# What is expected
Reprint all of the data below exactly as shown and skip every image.

# Data for this task

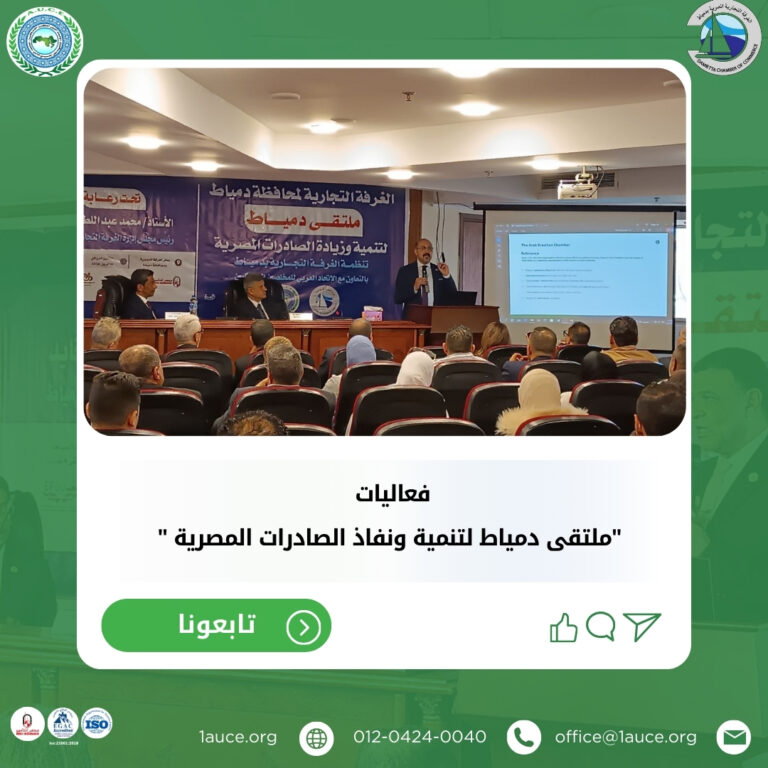 نظّم الاتحاد العربي للمخلصين الجمركيين بالتعاون مع الغرفة التجارية بدمياط، اليوم الاثنين 14 ابريل 2025 ملتقى “تنمية ونفاذ الصادرات المصرية”
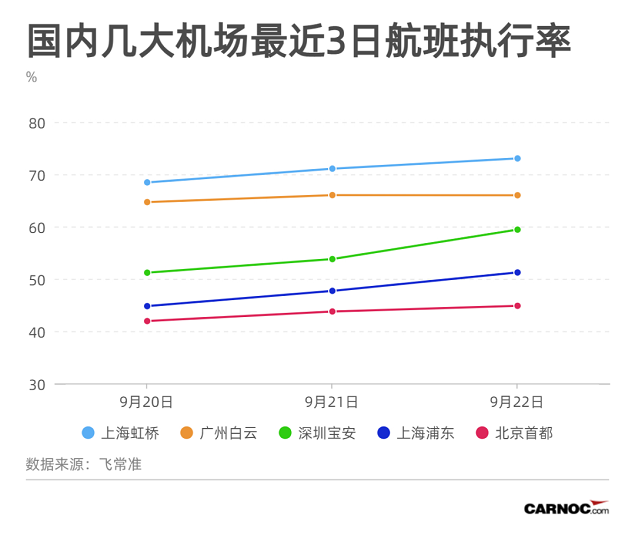 从机场看,北京首都、上海浦东/虹桥、广州白云、深圳宝安这几大机场9月20-22日三天的客运航班总执行率是平稳增长的。
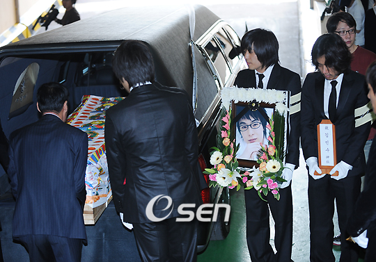 지난달 29일 오전 불의의 오토바이 사고로 사망한 그룹 '먼데이키즈' 멤버 김민수(23)의 발인이 1일 오전 11시 서울시 동작구 신대방동 서울시립보라매병원 장례식장에서 가족 친지 및 동료들의 오열 속에 진행됐다. 같은 먼데이키즈의 멤버 이진성과 같은 소속사 가수인 일락곁에서 김민수의 관이 차로 옮겨지고 있다. /민경훈 기자 rumi@osen.co.kr
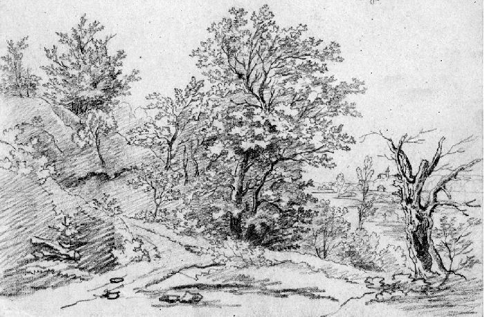 Auf grünem Zeichenpapier. Verso: "Kalkofen". Skizze mit Gebüsch und Wurzelwerk in ausgeschwemmten Kuhlen. Bleistiftzeichnung, bez. wie oben und dat. "2. Juni 1830", 13 x 28 cm. Beiliegt: "Forst Harlaching". Blick auf alte Bäume (Hochformat), verso ebenso (Querformat). Bleistiftzeichnungen, bez. wie oben und dat. "14. Juny 1828", 28,5 x 21 cm (Blattgröße). Insgesamt vier Darstellungen auf zwei Blättern.
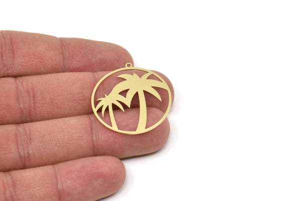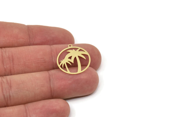 Brass Round Charm, Raw Brass Palm Tree Charms With 1 Loop, Palm Charms, Pendants, Findings (22/27/32x0.60mm) SMP2448
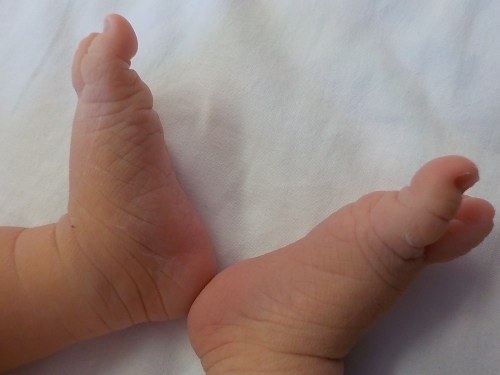 生まれたばかりの頃、ガニ股でねんねする赤ちゃんの足が「V」型に♪ 思わず、文字を付け加えて「LOVE」を作った、いい思い出
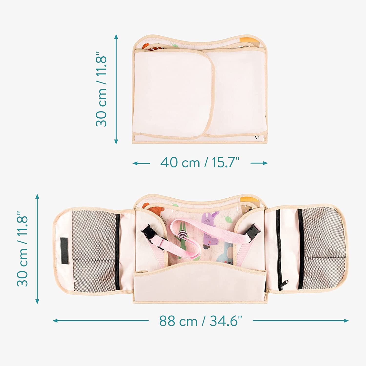 Μπορεί να χρησιμοποιηθεί ως δίσκος για σνακ ή παιχνιδιού για το κάθισμα του αυτοκινήτου ή ως τραπέζι. Οι τσέπες με ελαστικό πλέγμα είναι κατάλληλες για αποθήκευση παιχνιδιών, βρεφικών μαντηλιών, πιπίλες, πάνες, μπουκάλια ή σνακ.
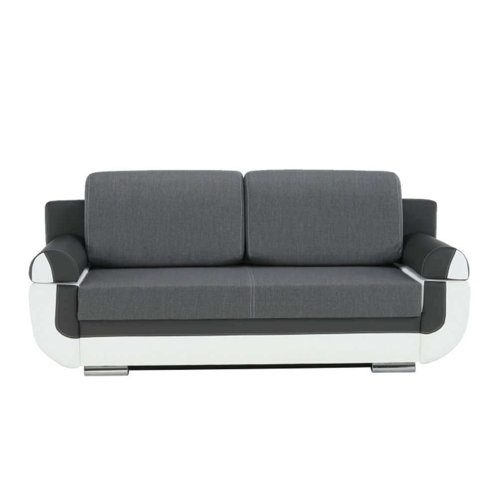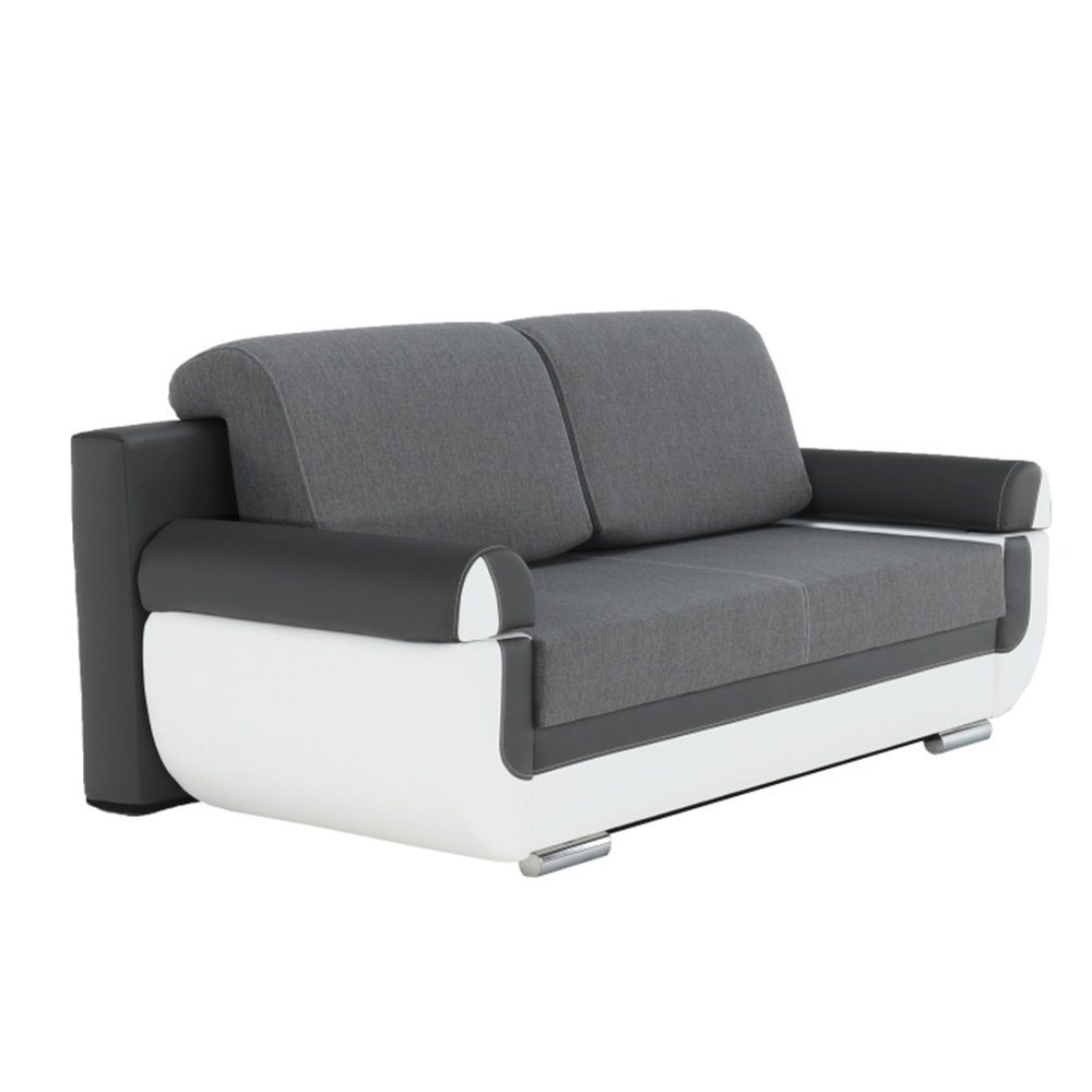 KONDELA Pohovka, ekokoža biela+sivá/látka sivá, KARDYN
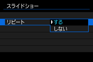 - 静止画の[再生間隔]と[リピート](繰り返し再生)を設定します。
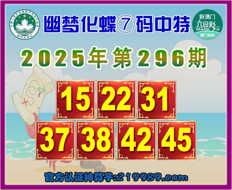296期:【幽梦化蝶】 🍎⑦码中特🍎【15.22.31.37.38.42.45】开:22
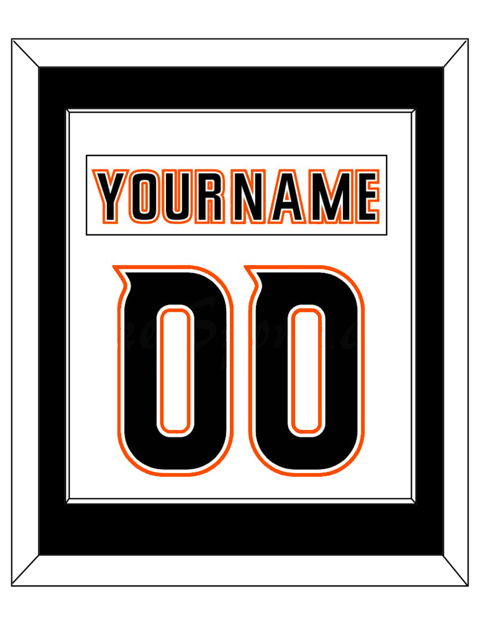 Anaheim Road White Jersey (2014 Through 2024) Nameplate & Number (From The Back Of The Jersey). Single Mat Cut: Black Mat With White Nameplate And Black Number Mounted On A White Mat. White Frame.
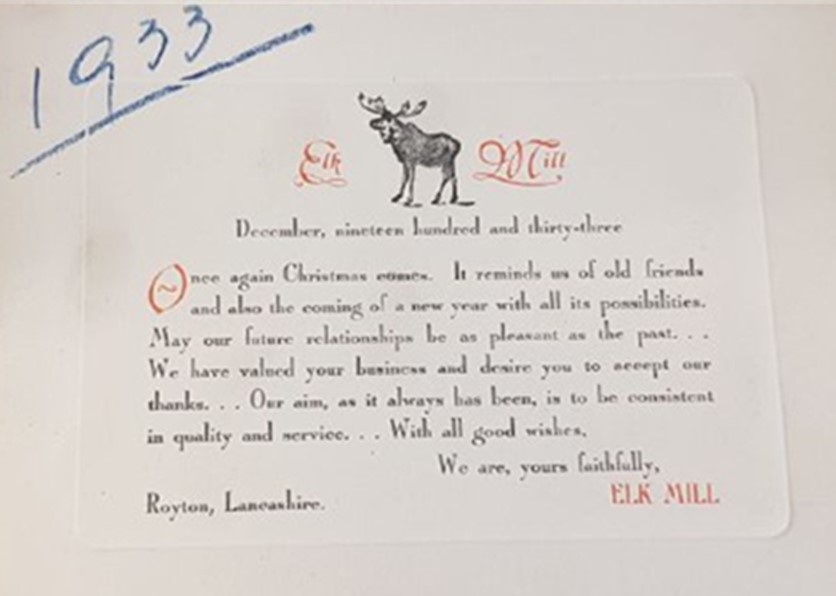 Employees received holiday cards from the management and were thanked for their work ethic and commitment. Workers were also offered a variety of benefits as part of their employment. Elk Mill had a nursery which could accommodate 74 children aged from aged 6 months to 5 years, and it also provided laundry facilities. Employees also received a share of profits each year and there were bonuses for long service. Labour shortages were a constant problem for the Lancashire textiles industry during this period and these benefits were designed to help to attract and maintain loyalty in employees.

# Task answer
 نظّم الاتحاد العربي للمخلصين الجمركيين بالتعاون مع الغرفة التجارية بدمياط، اليوم الاثنين 14 ابريل 2025 ملتقى “تنمية ونفاذ الصادرات المصرية”
 从机场看,北京首都、上海浦东/虹桥、广州白云、深圳宝安这几大机场9月20-22日三天的客运航班总执行率是平稳增长的。
 지난달 29일 오전 불의의 오토바이 사고로 사망한 그룹 '먼데이키즈' 멤버 김민수(23)의 발인이 1일 오전 11시 서울시 동작구 신대방동 서울시립보라매병원 장례식장에서 가족 친지 및 동료들의 오열 속에 진행됐다. 같은 먼데이키즈의 멤버 이진성과 같은 소속사 가수인 일락곁에서 김민수의 관이 차로 옮겨지고 있다. /민경훈 기자 rumi@osen.co.kr
 Auf grünem Zeichenpapier. Verso: "Kalkofen". Skizze mit Gebüsch und Wurzelwerk in ausgeschwemmten Kuhlen. Bleistiftzeichnung, bez. wie oben und dat. "2. Juni 1830", 13 x 28 cm. Beiliegt: "Forst Harlaching". Blick auf alte Bäume (Hochformat), verso ebenso (Querformat). Bleistiftzeichnungen, bez. wie oben und dat. "14. Juny 1828", 28,5 x 21 cm (Blattgröße). Insgesamt vier Darstellungen auf zwei Blättern.
 Brass Round Charm, Raw Brass Palm Tree Charms With 1 Loop, Palm Charms, Pendants, Findings (22/27/32x0.60mm) SMP2448
 生まれたばかりの頃、ガニ股でねんねする赤ちゃんの足が「V」型に♪ 思わず、文字を付け加えて「LOVE」を作った、いい思い出
 Μπορεί να χρησιμοποιηθεί ως δίσκος για σνακ ή παιχνιδιού για το κάθισμα του αυτοκινήτου ή ως τραπέζι. Οι τσέπες με ελαστικό πλέγμα είναι κατάλληλες για αποθήκευση παιχνιδιών, βρεφικών μαντηλιών, πιπίλες, πάνες, μπουκάλια ή σνακ.
 KONDELA Pohovka, ekokoža biela+sivá/látka sivá, KARDYN
 - 静止画の[再生間隔]と[リピート](繰り返し再生)を設定します。
296期:【幽梦化蝶】 🍎⑦码中特🍎【15.22.31.37.38.42.45】开:22
 Anaheim Road White Jersey (2014 Through 2024) Nameplate & Number (From The Back Of The Jersey). Single Mat Cut: Black Mat With White Nameplate And Black Number Mounted On A White Mat. White Frame.
 Employees received holiday cards from the management and were thanked for their work ethic and commitment. Workers were also offered a variety of benefits as part of their employment. Elk Mill had a nursery which could accommodate 74 children aged from aged 6 months to 5 years, and it also provided laundry facilities. Employees also received a share of profits each year and there were bonuses for long service. Labour shortages were a constant problem for the Lancashire textiles industry during this period and these benefits were designed to help to attract and maintain loyalty in employees.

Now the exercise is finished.